Abstract:
A collet clamp and releasing yoke apparatus having a support block and a cylindrical sleeve for receiving a collet. The collet is axially fixed, and the sleeve moves for contracting the collet to clamp a workpiece therein, and a yoke is employed for the clamping and releasing movement of the sleeve. A plurality of these assemblies can be positioned within the block so that a plurality of workpieces can be retained and worked upon.

Description:
This invention relates to a collet clamping and releasing yoke apparatus which may be activated either manually or under fluid power. 
     BACKGROUND OF THE INVENTION 
     The prior art is already aware of collet clamping and releasing devices such as those shown in U.S. Pat. Nos. 2,393,458 and 3,087,736 and 3,791,661. Also, devices for actuating a clamping chuck or vise jaw are shown in U.S. Pat.

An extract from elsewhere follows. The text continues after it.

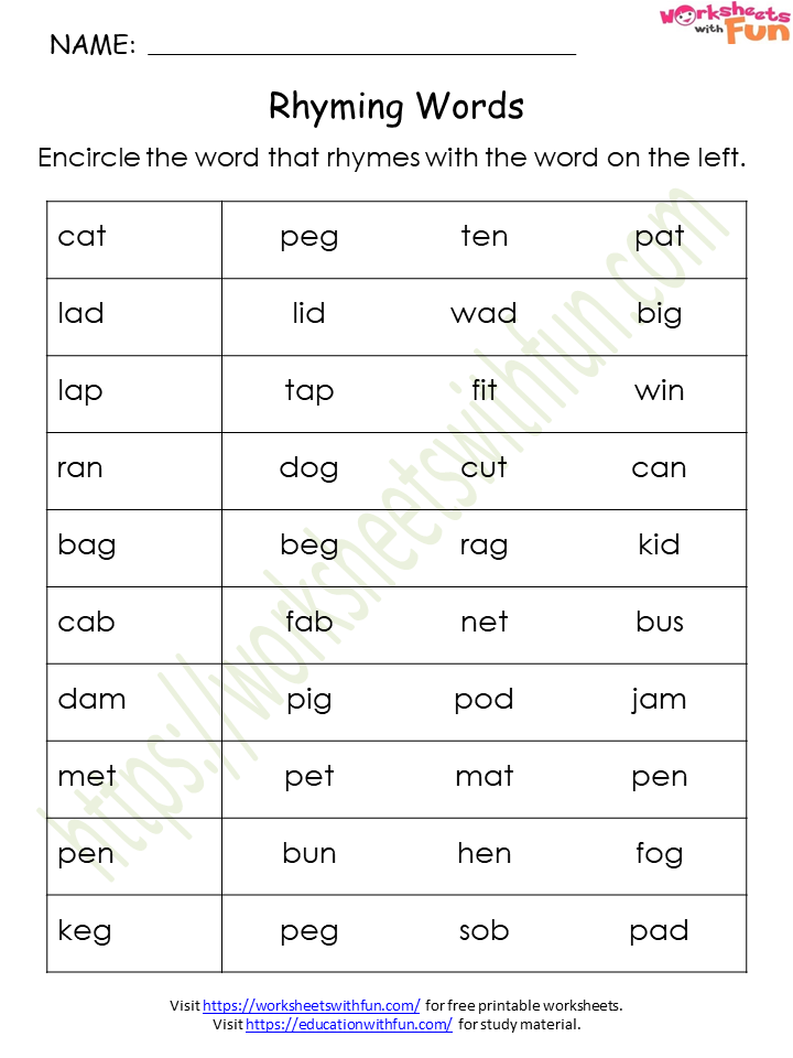 Rhyming worksheets are a fun and engaging way to help children learn about words that have similar sounds. These worksheets can be used in the classroom or at home to reinforce rhyming skills and improve literacy. Rhyming is an important skill for young children to develop as it helps them with phonemic awareness and reading fluency.

Nos. 809,296 and 2,479,973 and 3,306,604. 
     Still further, the prior art is already aware of devices where a plurality of collets or chucks are operative within a single mounting block, such as shown in U.S. Pat. Nos. 3,632,122 and 4,614,469. 
     The present invention improves upon the prior art in that it utilizes a yoke which snugly engages an axially movable sleeve surrounding the collet, and thereby providing for quick and precise retention of the collet which is holding the workpiece itself. In this arrangement, the yoke engages the sleeve on three sides of the sleeve to thereby retain the sleeve in an aligned position and against a rotation, even though the sleeve itself may have slight clearance relative to the block in which it is mounted. Therefore, the collet itself is locked evenly in place, even though there may be slight clearance with respect to the sleeve. Further, with the yoke preventing sleeve rotation, the collet and sleeve are readily non-rotatably related so therefore the collet itself cannot rotate. For precision workmanship, it is critical that the collet does not have any radial play or movement of any sort, and the yoke employed in this invention assures the desired precision. 
     Still further, the present invention is an improvement in that the collet locking actuator is enclosed entirely within the support block itself, so there is no interference with the tooling which is applied to the workpiece, and the entire collet supporting apparatus is therefore arranged with no protruding parts which could interfere with the use of the apparatus. Also, the actuator is operative, at least in one embodiment herein, by means of standard wrenches, either manual or powered wrenches. In that embodiment, the apparatus does not depend upon return springs or the like for release of the collet, but instead the collet is positively released manually. 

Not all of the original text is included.